Overall, 109 species were recorded in natural wetlands and 100 species in artificial; about 12% of the species were recorded only in natural wetlands and 4% only in artificial wetlands. According to the IUCN Red List, four of the recorded species were threatened: one endangered (EN) and three vulnerable (VU). One of the threatened species was found only in natural wetlands, one in both types, while two only in artificial wetlands.

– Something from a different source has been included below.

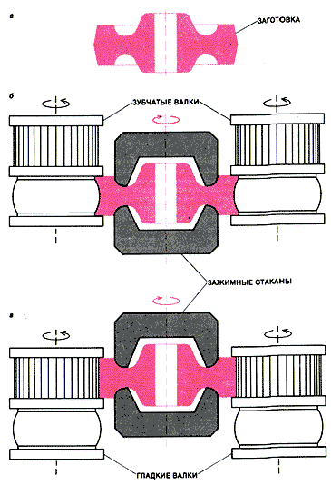Прокатка зубьев зубчатых колес непосредственно на штампованной заготовке осуществляется в два этапа. Сначала заготовка, зажатая в зажимных стаканах, помещается между двумя вращающимися гладкими валками (а). Ей сообщается принудительное вращение с определенной скоростью, после чего валки сближаются и производится обкатка заготовки с целью придания ее ободу вогнутого профиля для более точного последующего образования зубьев. После обкатки валки раздвигаются и заготовка перемещается во вторую позицию - между вращающимися зубчатыми валками (б). Валки сближаются, и их зубчатые выступы углубляются во вращающуюся заготовку, образуя на ней зубья. Этот процесс заменяет две операции механической обработки: обточку заготовки по торцу и предварительное зубофрезерование. Одно из основных преимуществ замены операций механической обработки состоит в повышении прочности зубьев на изгиб и износостойкости на 20 -35% благодаря упрочению металла в результате пластического деформирования.Впоследствии был разработан способ прокатки зубьев крупномодульных зубчатых колес непосредственно из штампованной заготовки. При этом способе прокатка осуществляется (также с высокочастотным нагревом заготовки) в две операции: обкатка заготовки в гладких валках с целью получения необходимых размеров по диаметру и ширине кольца; прокатка обкатанной заготовки в зубчатых валках для получения зубьев. Этот процесс заменяет две операции механической обработки: обточку заготовки по наружному диаметру и торцам и предварительное (черновое) зубофрезерование.

Although the abundance of the three of those threatened species was limited to a few individuals only (2–4), in the case of the Common Pochard (Aythya ferina), which is listed as vulnerable, a total of 241 individuals were recorded with almost 75% of them in artificial wetlands. Ten other species were near threatened (NT); two of those were found only in natural wetlands, while eight in both types. The complete list of the species recorded along with their IUCN status, abundances in artificial and natural wetlands, and abundances in years 2009, 2010, and 2011 are available online on figshare [63]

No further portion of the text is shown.